### Your objective
Although pictures appear in the entries below, leave them out and print exactly the lines from the first line through the line containing "그러므로 검색기능을 사용할때는".

### Dataset records
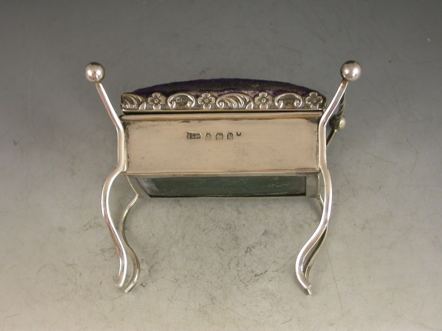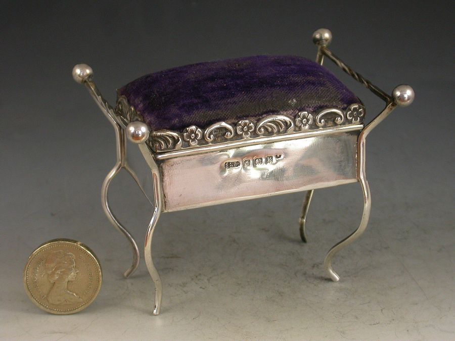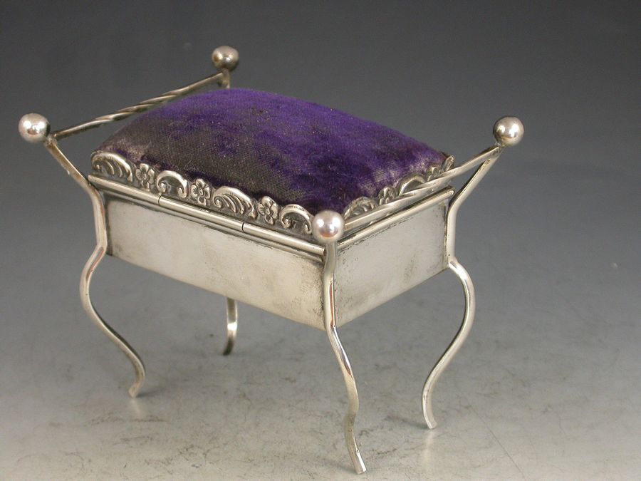 Edwardian Novelty Silver Piano Stool Pin Cushion / Trinket Box
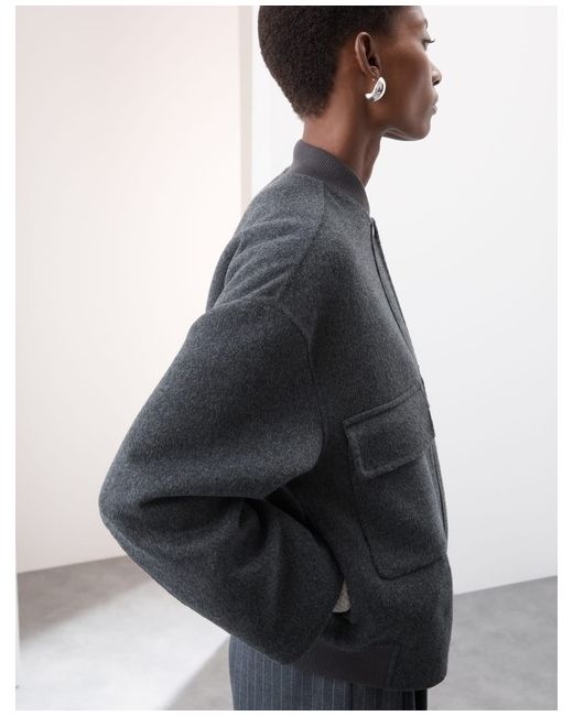 Marks & Spencer. Bring a smart touch to your casual wardrobe with this wool-blend bomber jacket from our Autograph collection. It's designed in an easy relaxed fit, with a comfy ribbed neckline. Material comp: 50% wool, 50% polyester Sleeve lining - 100% polyester Knitted ribbing - 98% polyester, 2% elastane Binding (trim on the edge of a product) - 55% polyester, 45% viscose.
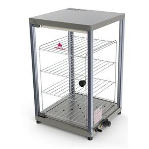 Essa Estufa conta com resistência blindada e termostato com sinalizador podendo deixar seus salgados sempre aquecidos para o consumo imediato. Sua estrutura é fabricada em aço com fino acabamento em inox e visores de vidro com expositor interno de 4 divisões.
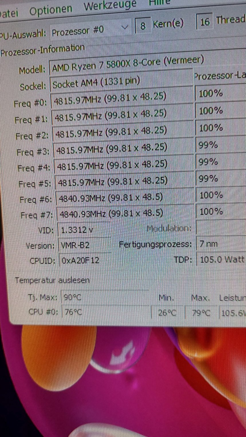 CPU undervoltet mit -25 und hat im Cinebench 23 max 78 Grad und läuft fast durchgehend auf 4741Mhz.
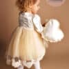 Rochița este o singură piesă și are un croi special ce dă impresia unei pelerine de zână peste o fustă din tull.
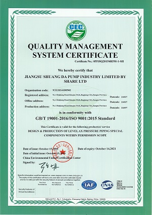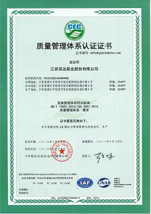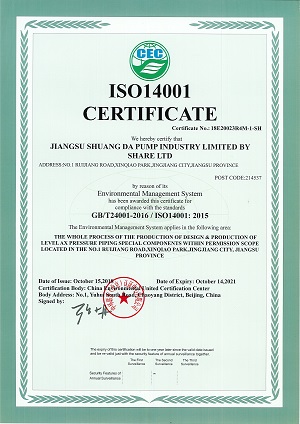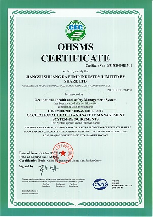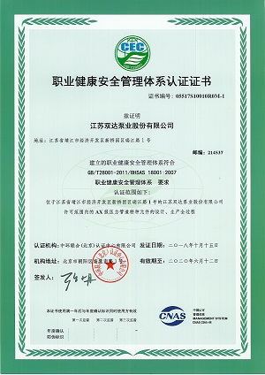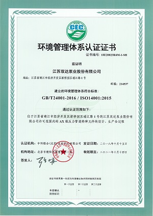 經(jīng)過專家組嚴(yán)格審核,江蘇雙達(dá)泵業(yè)股份有限公司收到中環(huán)聯(lián)合認(rèn)證中心簽發(fā)的質(zhì)量、環(huán)境、職業(yè)健康安全三體系認(rèn)證證書。
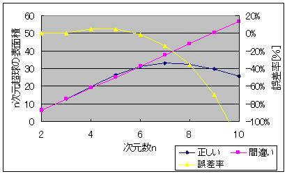 2009年1月7日の日記で、n次元空間における丸い物体(超球というらしい)の体積(n積?)や表面積(n-1積?)のようなものは
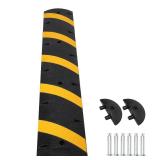 Speed Bump,84" Rubber Speed Bumps, 2 Channel Modular Speed Hump 25000LBS Capacity, Cable Ramps Hose Protector Ramps for Asphalt Concrete Gravel Driveway with 2 End Caps and 6 Bolt Spikes
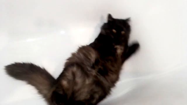 Коты и вода. Пушистик Барсик тестирует ванную.
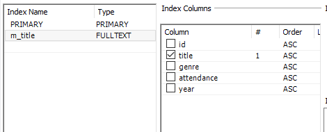 그러므로 검색기능을 사용할때는 검색 속도를 높이기 위해 검색 하려는 컬럼에 대해 풀텍스트(fulltext) 인덱스를 꼭 해준다
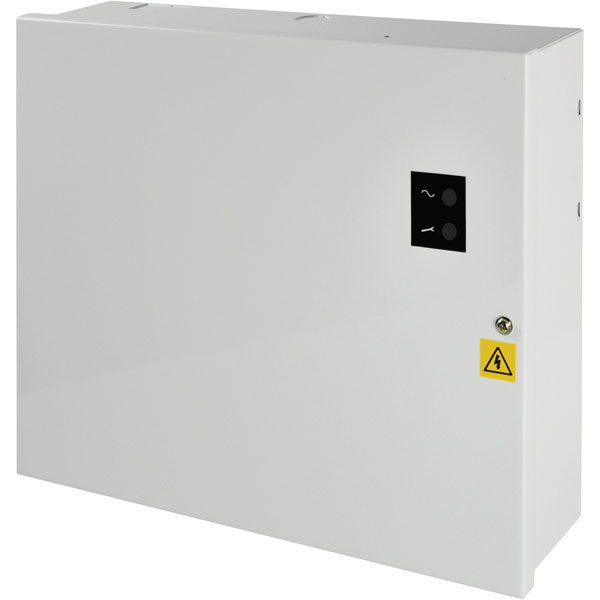 This switching power supply is low in power consumption and high in efficiency, making it ideal for indoor use. A lid contact allows monitoring the device and protecting it from potential tampering activities, while pre-cut perforations on the side of the housing enable customized openings for tidy wiring. The LED control indicator informs you constantly about the state of the power supply unit. The eight outputs are individually fused and protected from overload and short-circuit.
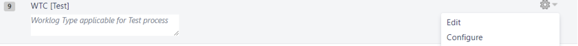 | Configurations | It represents the list of Worklog Types that you have identified as relevant for an Issue Type, related a Project Model. |
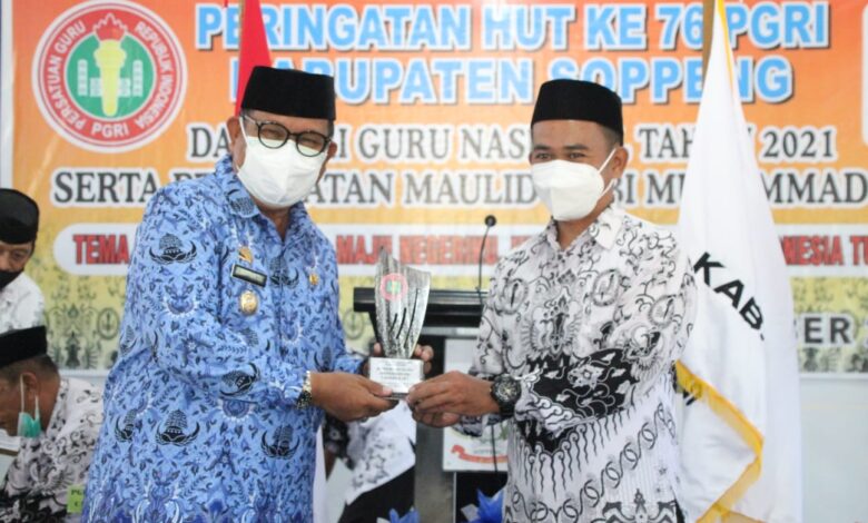 BeritaNasional.ID, SOPPENG – Pemerintah Kabupaten Soppeng mengadakan Peringatan Hari Ulang Tahun Persatuan Guru Republik Indonesia (PGRI) ke 76, dan Hari Guru Nasional (HGN) Tahun 2021 serta Peringatan Maulid Nabi Muahammad SAW.
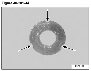 NOTE: The notches in both washers must be aligned with the screw holes on the swivel assembly [Figure 40-201-48].
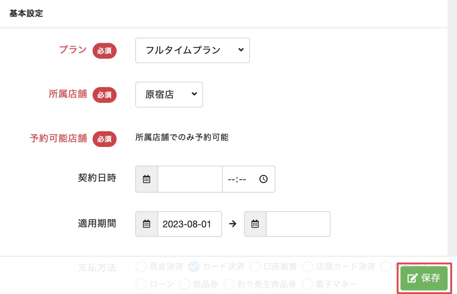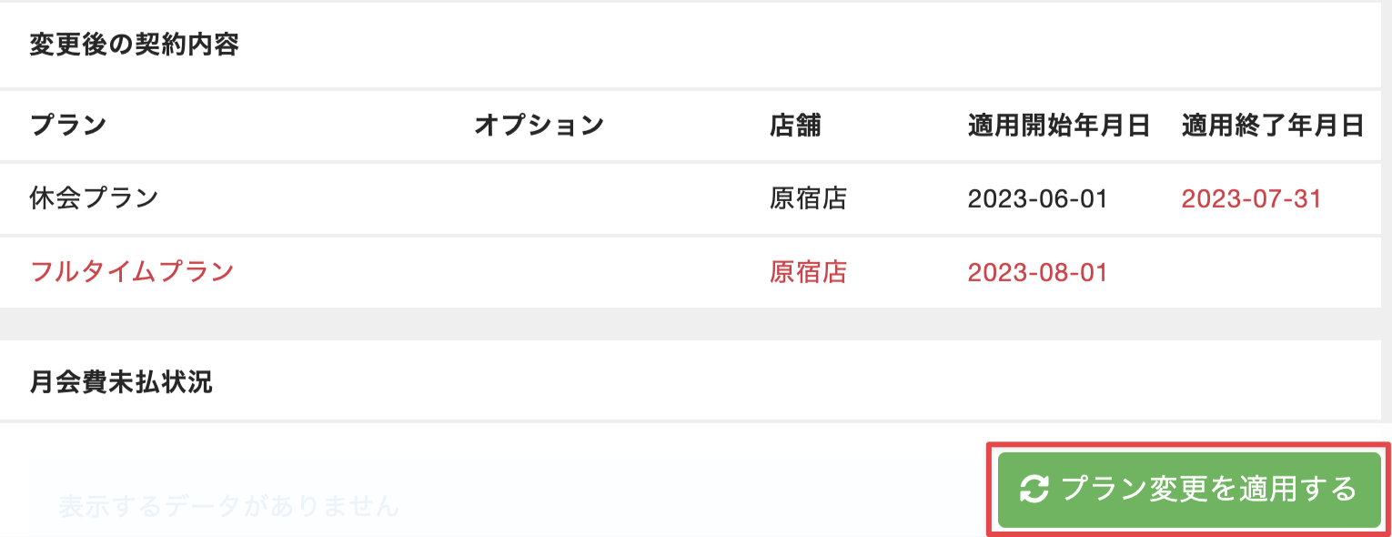 Note:プラン変更の締め切り日は、システム設定の[契約変更・退会の締切]で設定します(「全体設定を確認する」を参照)。

### Written reply
 Edwardian Novelty Silver Piano Stool Pin Cushion / Trinket Box
 Marks & Spencer. Bring a smart touch to your casual wardrobe with this wool-blend bomber jacket from our Autograph collection. It's designed in an easy relaxed fit, with a comfy ribbed neckline. Material comp: 50% wool, 50% polyester Sleeve lining - 100% polyester Knitted ribbing - 98% polyester, 2% elastane Binding (trim on the edge of a product) - 55% polyester, 45% viscose.
 Essa Estufa conta com resistência blindada e termostato com sinalizador podendo deixar seus salgados sempre aquecidos para o consumo imediato. Sua estrutura é fabricada em aço com fino acabamento em inox e visores de vidro com expositor interno de 4 divisões.
 CPU undervoltet mit -25 und hat im Cinebench 23 max 78 Grad und läuft fast durchgehend auf 4741Mhz.
 Rochița este o singură piesă și are un croi special ce dă impresia unei pelerine de zână peste o fustă din tull.
 經(jīng)過專家組嚴(yán)格審核,江蘇雙達(dá)泵業(yè)股份有限公司收到中環(huán)聯(lián)合認(rèn)證中心簽發(fā)的質(zhì)量、環(huán)境、職業(yè)健康安全三體系認(rèn)證證書。
 2009年1月7日の日記で、n次元空間における丸い物体(超球というらしい)の体積(n積?)や表面積(n-1積?)のようなものは
 Speed Bump,84" Rubber Speed Bumps, 2 Channel Modular Speed Hump 25000LBS Capacity, Cable Ramps Hose Protector Ramps for Asphalt Concrete Gravel Driveway with 2 End Caps and 6 Bolt Spikes
 Коты и вода. Пушистик Барсик тестирует ванную.
 그러므로 검색기능을 사용할때는 검색 속도를 높이기 위해 검색 하려는 컬럼에 대해 풀텍스트(fulltext) 인덱스를 꼭 해준다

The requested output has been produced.